MIP*=Re (opens in new tab)

It’s a highly technical problem that doesn’t have much practical use. Essentially it says that a weak (polynomial time) classical computer (called the “verifier”) with the ability to query (polynomial number of times) a small number of all-powerful computers (called the “provers”) with unknown/unbounded computing power is able to be convinced that the prover is indeed all powerful (convinces the verifier that it knows the answer to some problem that is known to be difficult). These specific provers can not communicate with each other (collude) but can share some entangled bits (the quantum part). The result here is (basically) that the verifier can be convinced that the prover knows the answer to the halting problem.

The result is more interesting with some context though. One of the biggest discoveries of the 21st century is that PSPACE=IP. That’s where a single all powerful prover can convince a weak verifier of any solution in PSPACE (an extension of P that we believe to be more powerful than P). Then more recently we found MIP=NEXP which is a bunch of classic all powerful provers (with no collusion) can convince a single weak verifier of any problem in NEXP (which is like NP but with much larger proof sizes, thought to be more powerful than NP). The surprising fact is that multiple all-powerful provers can convince a verifier of harder problems. Intuitively this doesn’t make sense because we know each provers are all powerful and are permitted to do anything, even physically impossible tasks, so the fact that a single prover cannot convince a verifier of any problems harder than PSPACE is surprising. More surprising is that multiple all powerful provers can somehow prove harder problems when it feels like we’re not adding any extra power (they’re already “all powerful”).

So in that context we find the also surprising fact that if we weaken the “no collusion” requirement to “only quantum entanglement” and suddenly they can solve the halting problem (but still no more!).

This line of proving both upper and lower bounds about complexity classes is exactly what we want to see in the P vs NP world (which is in many ways less “powerful” of classes but more “practical”). But we don’t even know if P ?= NEXP.

This is where I always wish they demonstrated some of the mathematical notation with some variant of quantum Lisp (even if it couldn't be executed in any practical way). The Regetti guys are always around here, so maybe one of them can chime in.

I skimmed the PDF, and it's more than a tad heavier than my usual fodder.

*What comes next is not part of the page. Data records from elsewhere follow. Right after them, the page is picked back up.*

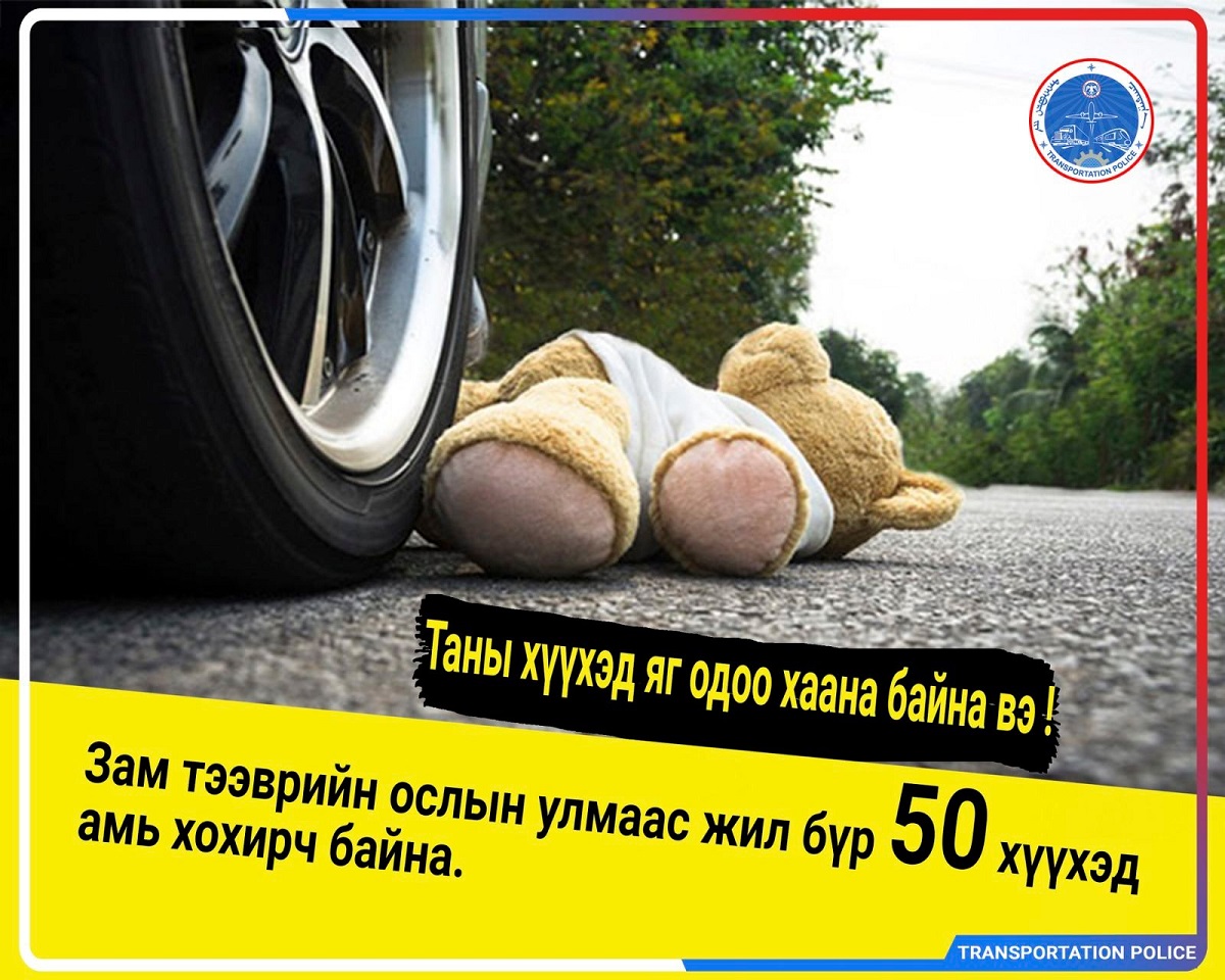 Мөн зам тээврийн осолд өртөж байгаа хүүхдүүдийн 50 орчим хувь нь эцэг эх, асран хамгаалагчтайгаа явж байхдаа осолд орж байгаа учир автомашиндаа аюулгүй тээвэрлэх, замын хөдөлгөөнд оролцохдоо зөв үлгэр дууриал үзүүлээч ээ гэж уриалах хэрэгтэй гэж Тээврийн цагдаагийн албаныхан анхааруулж байна.
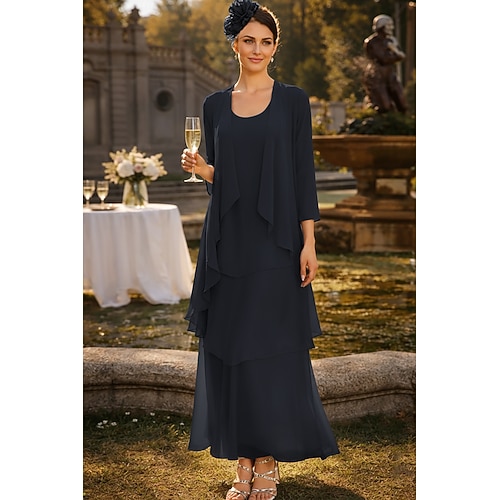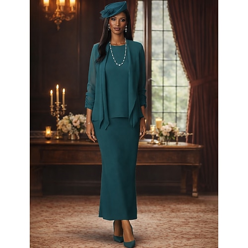 Due Pezzi Tubino Colonna Lunghezza al pavimento Abito da invitata a nozze Abito da cerimonia per signora Manica Lunga Scollo Tondo Elegante Formale Ospite di nozze Chiffon Con Stola con Tinta unita
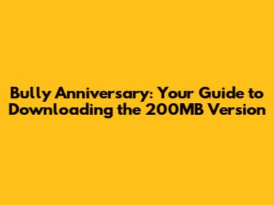 Bully Anniversary: Download Guide (200MB)

What I think I understood from the document, keeping in mind that given enough time a complete Turing Machine by definition should be able to emulate anything a quantum computer can accomplish, is that a quantum computer should be able to efficiently identify whether a problem run on a classical computer will exit without achieving a complete result. Not that you'll actually get to the result itself, but whether you should expect to be able to, given enough time and compute power.

Because of the density of the paper, maybe I only picked up on a tiny piece of the puzzle. And even then I probably botched it.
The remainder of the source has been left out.